When this sort of thing happens, people must spend ages on the phone to the DWP and online trying to sort the problem out – and trying to make sure, in this case, that the Universal Credit payment that month wasn’t £528 short. That deduction would have been a disaster. People who struggle to use online systems have no chance at all when these many mistakes happen. I’ve written in detail about problems JSA and Income Support claimants had and still have with DWP loan deductions. Some deductions put people in real hardship.
Let’s not forget either that often people who need advance Universal Credit payments already have other debts because of extra costs heaped on them by welfare reform – council tax debts and court costs, rent arrears and plenty more.

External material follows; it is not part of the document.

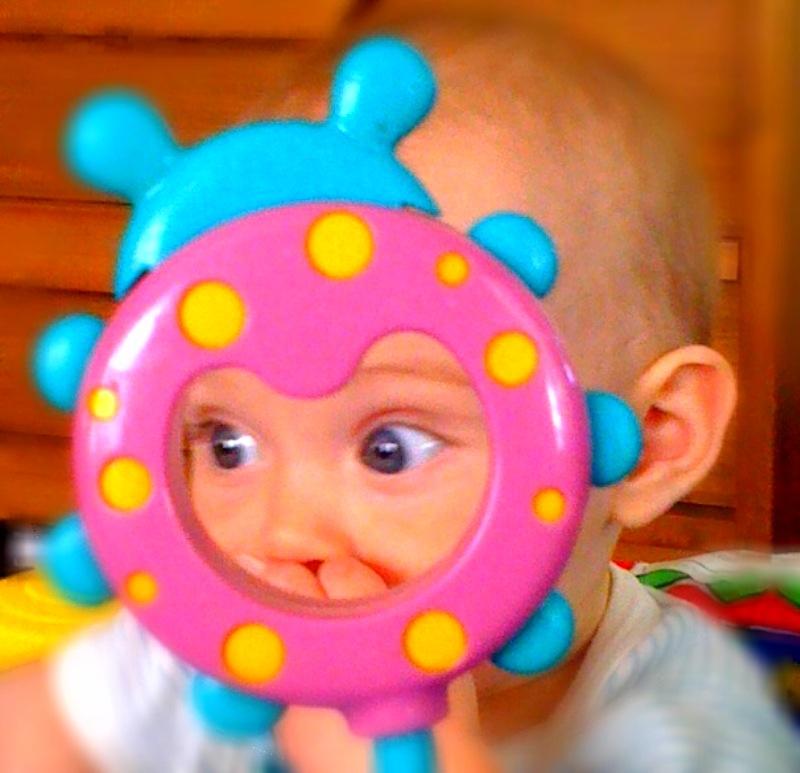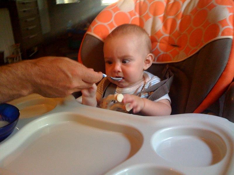 Maya eats rice cereal for the first time

The young woman in yesterday’s article had serious council tax and court debts, and tax credit repayment demands in the past two years. A deduction for a Universal Credit advance payment loan quickly becomes just another debt problem. Advance payments don’t solve problems caused by that six (and more) weeks that Universal Credit claimants must endure with no money.
All a Universal Credit advance payment does is push shortfall problems back for a short time – ie, until after Tory party conference is over and attention has moved from Universal Credit.
Does my head in, this. Just pay people their Universal Credit entitlement from the day they make their claim and be done with it. Any other so-called “fix” is garbage.